Вдруг, как часто бывает в поездах, заговорило молчавшее весь день радио:
– Седьмой вальс Шопена, исполняет Святослав Рихтер.
Даже искаженная хрипловатым поездным радио, музыка прекрасна.
«Так некогда Шопен вложил
Живое чудо
Фольварков, парков, рощ, могил
В свои этюды…»
– вспоминается мне, и становится еще печальнее на душе, но потом вдруг светлеет: я думаю о том, как хорошо, что люди учатся и работают на земле не только ради денег.

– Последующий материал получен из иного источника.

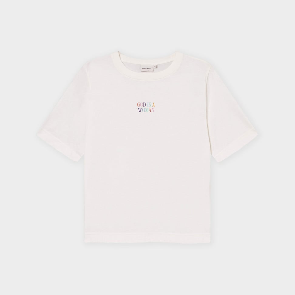 God is a Woman Off-White Vadstena T-Shirt from Dedicated. Relaxed crew neck t-shirt with slightly longer sleeves and a loose fit.
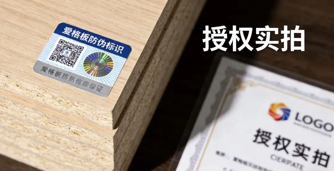 侧边激光防伪标,紫光灯可显EGGER标识;正品密度高,激光光斑不散开。

Видно, и Мишу растрогала музыка.
– О дает! О дает! Как на балалайке! – хвалит он Рихтера и протягивает руку, чтобы потрепать по плечу сына. Но тот привычно увертывается, и рука моего попутчика повисает в воздухе, так и не найдя опоры.
1972В такси
Снег лег в октябре, уже апрель, а холодам не видно конца.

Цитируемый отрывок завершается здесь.